TASK TO COMPLETE ▸ Where the word "yang" shows up in the entries below, please copy the whole line.

____________

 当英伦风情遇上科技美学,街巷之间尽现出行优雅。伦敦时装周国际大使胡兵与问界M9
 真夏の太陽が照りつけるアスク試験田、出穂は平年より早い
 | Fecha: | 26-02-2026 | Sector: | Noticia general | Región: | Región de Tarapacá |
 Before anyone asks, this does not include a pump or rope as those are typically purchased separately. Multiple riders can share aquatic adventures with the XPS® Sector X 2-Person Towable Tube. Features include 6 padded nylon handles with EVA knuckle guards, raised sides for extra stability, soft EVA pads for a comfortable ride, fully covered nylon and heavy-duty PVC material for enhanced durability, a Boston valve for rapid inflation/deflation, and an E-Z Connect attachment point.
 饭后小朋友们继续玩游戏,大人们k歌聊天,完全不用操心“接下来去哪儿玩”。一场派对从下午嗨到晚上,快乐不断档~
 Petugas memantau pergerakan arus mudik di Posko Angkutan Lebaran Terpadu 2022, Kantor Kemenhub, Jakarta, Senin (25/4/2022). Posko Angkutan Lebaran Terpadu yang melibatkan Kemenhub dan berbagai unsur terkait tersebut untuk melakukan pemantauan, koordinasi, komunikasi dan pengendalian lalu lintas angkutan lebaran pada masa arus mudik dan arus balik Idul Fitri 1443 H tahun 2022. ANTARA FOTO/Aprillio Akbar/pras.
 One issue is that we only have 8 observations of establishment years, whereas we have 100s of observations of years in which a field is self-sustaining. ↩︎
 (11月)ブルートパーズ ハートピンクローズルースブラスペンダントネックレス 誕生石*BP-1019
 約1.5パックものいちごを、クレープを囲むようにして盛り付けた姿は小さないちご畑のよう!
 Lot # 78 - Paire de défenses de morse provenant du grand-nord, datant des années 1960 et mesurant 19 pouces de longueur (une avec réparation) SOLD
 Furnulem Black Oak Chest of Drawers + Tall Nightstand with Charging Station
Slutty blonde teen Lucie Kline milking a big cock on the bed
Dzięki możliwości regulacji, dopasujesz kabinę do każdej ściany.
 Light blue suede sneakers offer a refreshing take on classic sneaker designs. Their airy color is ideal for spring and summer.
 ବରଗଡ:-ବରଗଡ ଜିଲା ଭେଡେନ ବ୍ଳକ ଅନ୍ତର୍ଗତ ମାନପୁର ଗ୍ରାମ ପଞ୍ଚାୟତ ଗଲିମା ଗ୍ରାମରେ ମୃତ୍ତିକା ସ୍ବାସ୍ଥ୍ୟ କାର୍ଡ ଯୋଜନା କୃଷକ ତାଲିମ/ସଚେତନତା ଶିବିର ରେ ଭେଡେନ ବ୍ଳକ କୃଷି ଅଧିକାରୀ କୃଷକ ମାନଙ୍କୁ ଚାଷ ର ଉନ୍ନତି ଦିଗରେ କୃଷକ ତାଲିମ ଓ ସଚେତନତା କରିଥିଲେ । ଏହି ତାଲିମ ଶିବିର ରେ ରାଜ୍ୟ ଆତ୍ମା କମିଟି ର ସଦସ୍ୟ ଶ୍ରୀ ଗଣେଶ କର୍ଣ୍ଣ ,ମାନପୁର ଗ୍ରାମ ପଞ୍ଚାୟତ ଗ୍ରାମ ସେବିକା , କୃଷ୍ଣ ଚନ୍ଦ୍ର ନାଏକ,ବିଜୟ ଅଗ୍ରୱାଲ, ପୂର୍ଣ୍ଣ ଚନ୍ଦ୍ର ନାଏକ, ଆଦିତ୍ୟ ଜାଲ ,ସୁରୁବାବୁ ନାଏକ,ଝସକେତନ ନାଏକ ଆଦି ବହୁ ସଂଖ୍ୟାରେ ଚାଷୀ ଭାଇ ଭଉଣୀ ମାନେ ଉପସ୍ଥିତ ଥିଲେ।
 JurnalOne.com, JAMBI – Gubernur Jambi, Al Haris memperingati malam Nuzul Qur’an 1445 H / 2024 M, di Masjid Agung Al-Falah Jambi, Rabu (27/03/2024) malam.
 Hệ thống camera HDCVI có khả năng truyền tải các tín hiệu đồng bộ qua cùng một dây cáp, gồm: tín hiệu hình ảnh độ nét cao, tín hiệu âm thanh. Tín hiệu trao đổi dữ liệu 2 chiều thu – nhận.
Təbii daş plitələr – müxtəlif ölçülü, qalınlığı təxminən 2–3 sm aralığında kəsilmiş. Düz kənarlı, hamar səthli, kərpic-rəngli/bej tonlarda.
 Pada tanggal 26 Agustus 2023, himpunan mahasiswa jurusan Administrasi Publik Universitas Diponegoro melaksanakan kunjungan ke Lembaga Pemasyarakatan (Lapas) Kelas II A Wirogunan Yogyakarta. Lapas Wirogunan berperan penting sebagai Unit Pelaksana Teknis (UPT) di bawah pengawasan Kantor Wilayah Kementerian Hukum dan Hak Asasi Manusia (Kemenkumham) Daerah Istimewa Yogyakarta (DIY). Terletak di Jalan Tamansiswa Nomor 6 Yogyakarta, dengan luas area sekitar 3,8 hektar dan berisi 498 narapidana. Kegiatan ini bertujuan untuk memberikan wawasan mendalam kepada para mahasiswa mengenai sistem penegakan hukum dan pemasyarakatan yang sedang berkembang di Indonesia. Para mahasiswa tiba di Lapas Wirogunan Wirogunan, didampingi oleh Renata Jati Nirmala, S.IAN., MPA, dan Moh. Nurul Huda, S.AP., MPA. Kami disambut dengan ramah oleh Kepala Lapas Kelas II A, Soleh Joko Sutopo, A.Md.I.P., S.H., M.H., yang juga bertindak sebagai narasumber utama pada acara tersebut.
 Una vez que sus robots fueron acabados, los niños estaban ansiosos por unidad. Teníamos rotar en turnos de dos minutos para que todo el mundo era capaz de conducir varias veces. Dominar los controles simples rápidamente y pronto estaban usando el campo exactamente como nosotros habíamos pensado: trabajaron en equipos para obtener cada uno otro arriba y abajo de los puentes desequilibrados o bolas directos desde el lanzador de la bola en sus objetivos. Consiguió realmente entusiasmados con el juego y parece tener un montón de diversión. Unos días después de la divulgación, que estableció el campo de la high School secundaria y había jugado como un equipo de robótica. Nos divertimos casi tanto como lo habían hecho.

____________

WRITTEN RESPONSE ▸
 Petugas memantau pergerakan arus mudik di Posko Angkutan Lebaran Terpadu 2022, Kantor Kemenhub, Jakarta, Senin (25/4/2022). Posko Angkutan Lebaran Terpadu yang melibatkan Kemenhub dan berbagai unsur terkait tersebut untuk melakukan pemantauan, koordinasi, komunikasi dan pengendalian lalu lintas angkutan lebaran pada masa arus mudik dan arus balik Idul Fitri 1443 H tahun 2022. ANTARA FOTO/Aprillio Akbar/pras.
 Pada tanggal 26 Agustus 2023, himpunan mahasiswa jurusan Administrasi Publik Universitas Diponegoro melaksanakan kunjungan ke Lembaga Pemasyarakatan (Lapas) Kelas II A Wirogunan Yogyakarta. Lapas Wirogunan berperan penting sebagai Unit Pelaksana Teknis (UPT) di bawah pengawasan Kantor Wilayah Kementerian Hukum dan Hak Asasi Manusia (Kemenkumham) Daerah Istimewa Yogyakarta (DIY). Terletak di Jalan Tamansiswa Nomor 6 Yogyakarta, dengan luas area sekitar 3,8 hektar dan berisi 498 narapidana. Kegiatan ini bertujuan untuk memberikan wawasan mendalam kepada para mahasiswa mengenai sistem penegakan hukum dan pemasyarakatan yang sedang berkembang di Indonesia. Para mahasiswa tiba di Lapas Wirogunan Wirogunan, didampingi oleh Renata Jati Nirmala, S.IAN., MPA, dan Moh. Nurul Huda, S.AP., MPA. Kami disambut dengan ramah oleh Kepala Lapas Kelas II A, Soleh Joko Sutopo, A.Md.I.P., S.H., M.H., yang juga bertindak sebagai narasumber utama pada acara tersebut.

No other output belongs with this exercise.